The reply should match the listing below character for character, except that no image is carried over.

Material provided START

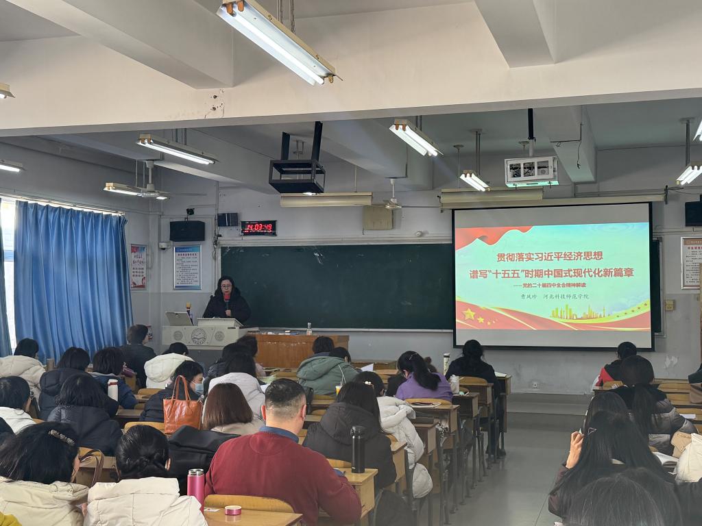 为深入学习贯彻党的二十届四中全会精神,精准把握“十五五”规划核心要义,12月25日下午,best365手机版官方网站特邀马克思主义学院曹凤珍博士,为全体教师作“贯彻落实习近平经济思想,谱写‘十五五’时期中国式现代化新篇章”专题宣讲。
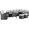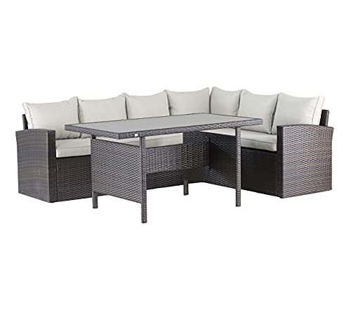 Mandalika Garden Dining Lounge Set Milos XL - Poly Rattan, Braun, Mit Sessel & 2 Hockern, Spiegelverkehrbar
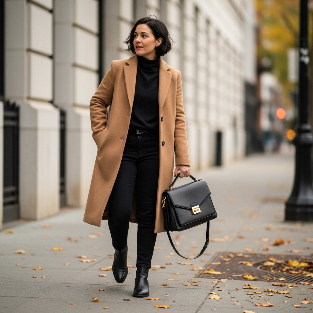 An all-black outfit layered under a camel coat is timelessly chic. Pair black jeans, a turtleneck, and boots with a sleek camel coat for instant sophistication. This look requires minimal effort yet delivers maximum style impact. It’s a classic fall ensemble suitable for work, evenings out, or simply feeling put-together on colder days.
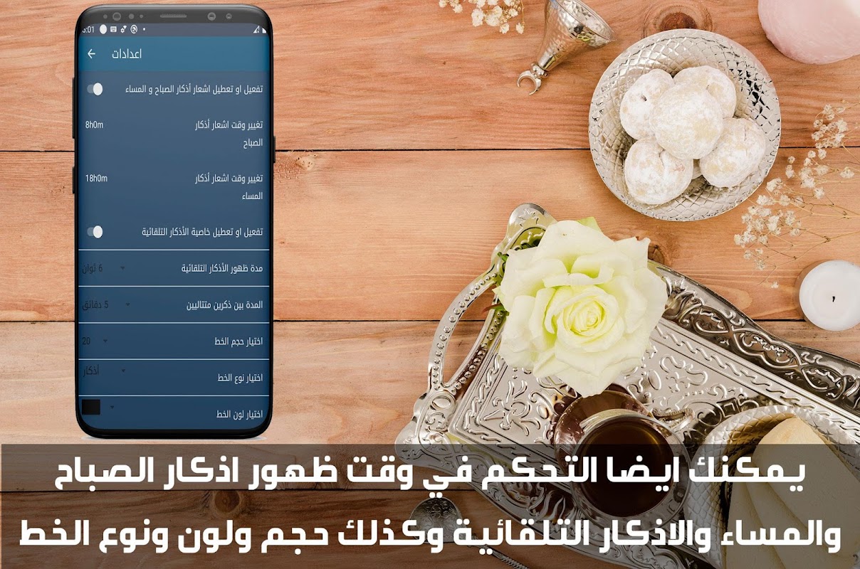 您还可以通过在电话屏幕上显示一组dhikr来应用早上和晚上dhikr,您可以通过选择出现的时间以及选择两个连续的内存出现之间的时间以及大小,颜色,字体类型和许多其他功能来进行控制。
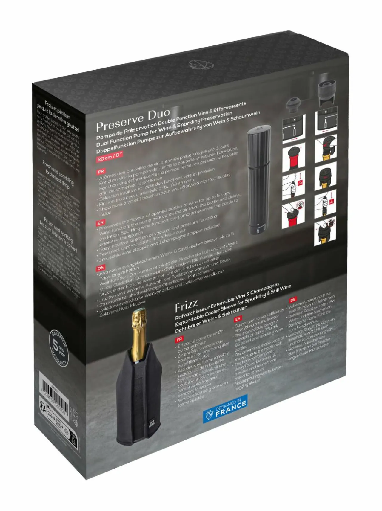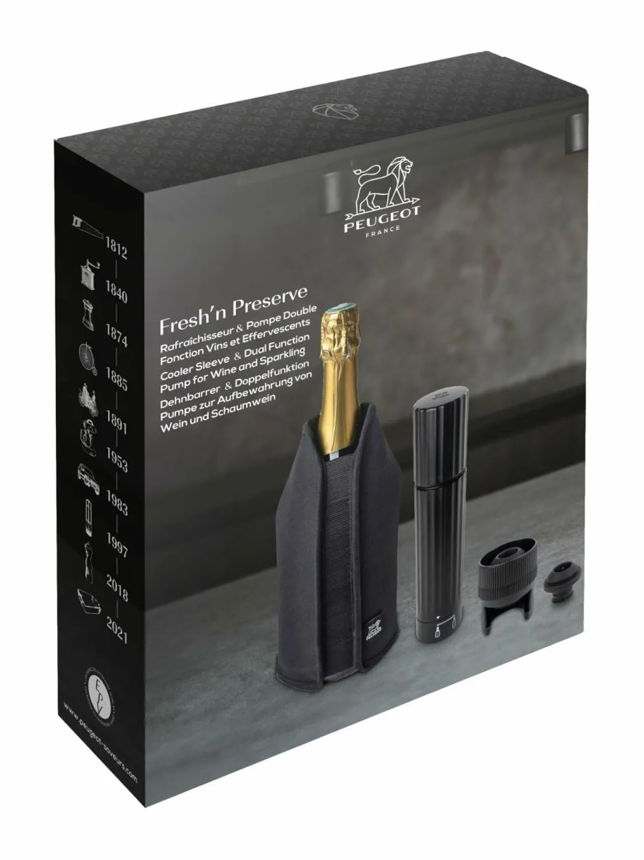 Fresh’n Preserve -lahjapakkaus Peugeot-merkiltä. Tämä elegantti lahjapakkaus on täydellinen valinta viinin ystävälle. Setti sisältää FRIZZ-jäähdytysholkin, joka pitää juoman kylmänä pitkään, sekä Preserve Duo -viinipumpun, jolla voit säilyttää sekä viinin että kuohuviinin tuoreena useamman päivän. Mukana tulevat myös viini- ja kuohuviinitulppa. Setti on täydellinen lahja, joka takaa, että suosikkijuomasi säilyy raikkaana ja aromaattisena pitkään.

Material provided END

Answer section -
 为深入学习贯彻党的二十届四中全会精神,精准把握“十五五”规划核心要义,12月25日下午,best365手机版官方网站特邀马克思主义学院曹凤珍博士,为全体教师作“贯彻落实习近平经济思想,谱写‘十五五’时期中国式现代化新篇章”专题宣讲。
 Mandalika Garden Dining Lounge Set Milos XL - Poly Rattan, Braun, Mit Sessel & 2 Hockern, Spiegelverkehrbar
 An all-black outfit layered under a camel coat is timelessly chic. Pair black jeans, a turtleneck, and boots with a sleek camel coat for instant sophistication. This look requires minimal effort yet delivers maximum style impact. It’s a classic fall ensemble suitable for work, evenings out, or simply feeling put-together on colder days.
 您还可以通过在电话屏幕上显示一组dhikr来应用早上和晚上dhikr,您可以通过选择出现的时间以及选择两个连续的内存出现之间的时间以及大小,颜色,字体类型和许多其他功能来进行控制。
 Fresh’n Preserve -lahjapakkaus Peugeot-merkiltä. Tämä elegantti lahjapakkaus on täydellinen valinta viinin ystävälle. Setti sisältää FRIZZ-jäähdytysholkin, joka pitää juoman kylmänä pitkään, sekä Preserve Duo -viinipumpun, jolla voit säilyttää sekä viinin että kuohuviinin tuoreena useamman päivän. Mukana tulevat myös viini- ja kuohuviinitulppa. Setti on täydellinen lahja, joka takaa, että suosikkijuomasi säilyy raikkaana ja aromaattisena pitkään.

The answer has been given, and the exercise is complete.